Posted on 12-19-2013 06:19 AM
May I ask a little question on the side ? Sorry for that, but you all seem to use SMB for Fileservices and are the Pros for that topic.
We use Windows2012R2 as Fileserver and I encounter a misinterpretation of ACL Permissions when copying files to the SMB Share. Especially the Userhome ACL "everyone deny delete" becomes strange on Windows. I get a unknown User-Account/Mode S-1-5-88-3-16832 or S-1-5-88-3-422 or S-1-5-88-3-xxx with a Deny rule. I tried to change access rights like suggested in http://serverfault.com/questions/498171/osx-10-8-3-creating-editing-files-on-windows-7-share-creates-weird-blocking-acco without success.
Sometimes (not always- I love IT) these weird permissions block access to the files and nothing is working properly.
I am coming to the point: Do you have a simple solution or do you use ExtremeZ-IP or AdmitMac or do you go with Helios or Synology Hardware?
Posted on 08-24-2015 04:36 PM
Does everyone still see these SMB2 issues in 10.10.x ? Or was it fixed there ?
Also @michaelhusar we too have also seen that unknown account s-1-5-88-3-16832 with a deny.

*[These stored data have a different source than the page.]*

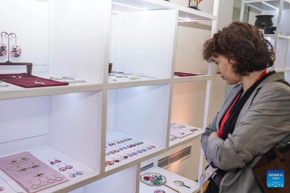 A visitor looks at Chinese cultural and creative products during the 2025 Budapest China Tourism and Culture Week in Budapest, Hungary, May 23, 2025. The 2025 Budapest China Tourism and Culture Week started on Friday in the Hungarian capital, aiming to facilitate exchanges and mutual learning between Chinese and other civilizations through cooperation platforms built for cultural and tourism industry insiders.
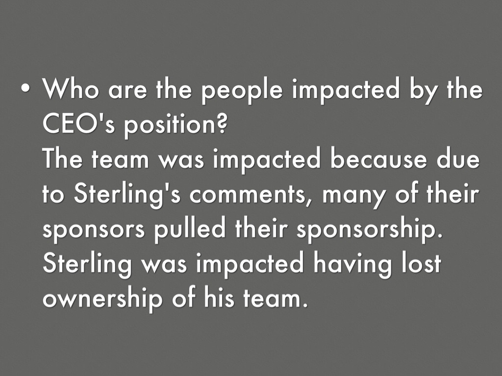 The team was impacted because due to Sterling's comments, many of their sponsors pulled their sponsorship.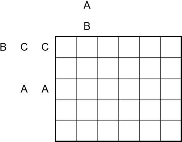 • All outside clues have been ciphered, i.e. the letters A, B and C each represent a different digit from 0-3.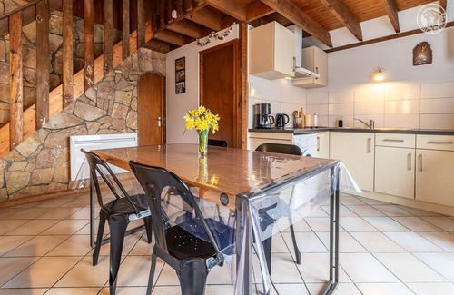 Duplex gîte, adjoining the owner's house. Independent access via the terrace (2 wooden steps): kitchen-living room, bathroom (shower and toilet), 1 bedroom (1 double bed 140x190 cm). 1st floor: mezzanine bedroom (3m2 Carrez law) with 1 single bed 90x190cm. Terrace and private grounds. Private parking (1 space). Sheets included, beds made. Total floor area, including attics: 45m². Duplex cottage in a country house, located 2 km from the Granier slopes and in the immediate vicinity of the town centre on foot. South-facing hillside. Typical residential hamlet in the heart of the Chartreuse Regional Natural Park. Pleasant, preserved natural setting on the edge of the forest and river. Large exposed terrace and grounds. Superb panorama.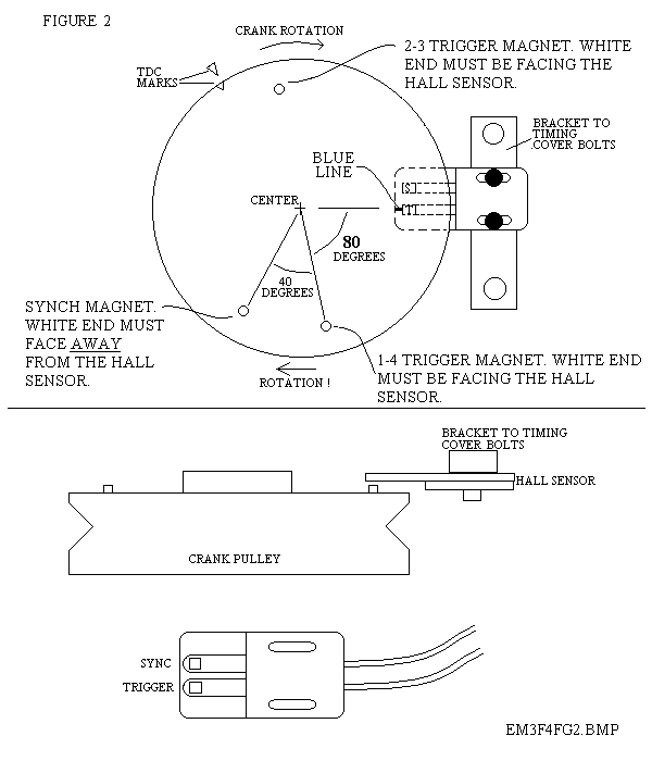 The F4 system uses 2 magnets spaced 180 degrees apart for triggering and 1 synch magnet spaced 40 degrees ADVANCED in the direction of crank rotation of the first (1-4) trigger magnet. See figs 1 and 2.

No idea what that is about.
Posted on 08-28-2015 03:56 PM
There is another thread that very much relates to this one.
https://jamfnation.jamfsoftware.com/discussion.html?id=11266
@jake.snyder Posted the solution below to force the connection to SMB1. I've tried it on individual machines via terminal and it works great. I haven't tried putting it in a script yet to push onto machines.
We are also still seeing the issue where once a machine does a sync it applies that unknown account s-1-5-88-3-16832 with a deny rule. The next time that user tries to log in problems occur. I have no idea what that is about. We are seeing the SMB and this other s-1-5-88-3-16832 issue on 10.10.4 and 10.10.5 clients.
@jake.snyder's solution post :
Apple engineering provided me with a solution today. I have Windows 2008 R2 with SMB shares and my macs are running 10.9.4 and bound to AD.
My environment seems to be working with Access Based Enumeration off and forcing SMB1 on each client.
In order to enforce SMB1 on a mac client:
Create the Global Config:
$ sudo -s
$ sudo echo "[default]" >> /etc/nsmb.conf
$ sudo echo "smb_neg=smb1_only" >> /etc/nsmb.conf
Restart the OS X Client
create a new AD Test user
Login and check if the issue still persist
See the end of Jamf thread 10168 for more details.
Posted on 09-25-2015 05:38 AM
Is there a way to implement this on the machine level rather than per-user? We have a lab that I need to use this fix on.
Posted on 09-25-2015 06:57 AM
Using the following has worked for us in under Mavericks:
sudo sh -c "echo '[default]' >> /etc/nsmb.conf; echo 'smb_neg=smb1_only' >> /etc/nsmb.conf"
Yosemite has worked with the same command, but we've found SMBv2 to work properly.